EDIT: I don't think it should be fixed by a package maintainer, it's a PulseAudio problem. There can be a few similar bug reports found on google
I just had a look at this (I'm interested since I am the SBo pulseaudio package maintainer) but I can't replicate the problem. I have exactly the line that is quoted in /etc/bash_completion.d/pacat (actually one of several symlinks to pulseaudio script) but no syntax problem is reported. I tried xdm in 2 ways; firstly by promoting it in rc.4, secondly by running xdm from runlevel 3 command line.

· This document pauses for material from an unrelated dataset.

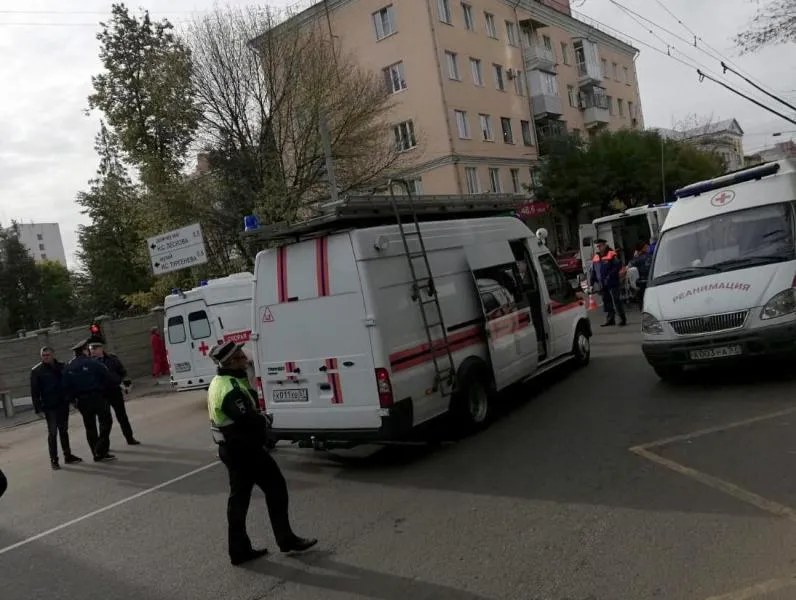По информации российских СМИ, троллейбус въехал в людей, которые на остановке выходили из маршрутки.

The "fix" of removing the relevant completion script is pretty unsatisfying (although I have previously suggested it myself here). As mentioned in the other report,
If you have bash-completion installed.
than pulseaudio generate errors on some systems.
.
i.e. some systems - which suggests to me that the pulseaudio bash completion script is not itself necessarily faulty, just triggering some other fault. Sorry I can't suggest what that other fault might be; and hard for me chase up myself since I can't replicate the fault.
Seems to me that being 'interactive' in nature, the bash completion stuff really belongs in .bashrc and not .profile, and/or at the very least should be wrapped in a
Code:
case $- in
*i*) # Interactive Shell invocation.
# Insert bash completion stuff here #
;;
esac
Having said that, the stock 'Xsession' file is pretty horrid, and I've never liked how it repeatedly runs through /etc/profile. I rewrote mine.
Oh, and, 'startx' isn't particularly great either.
Can I ask you something - what's the shebang line in your /etc/X11/xdm/Xsession?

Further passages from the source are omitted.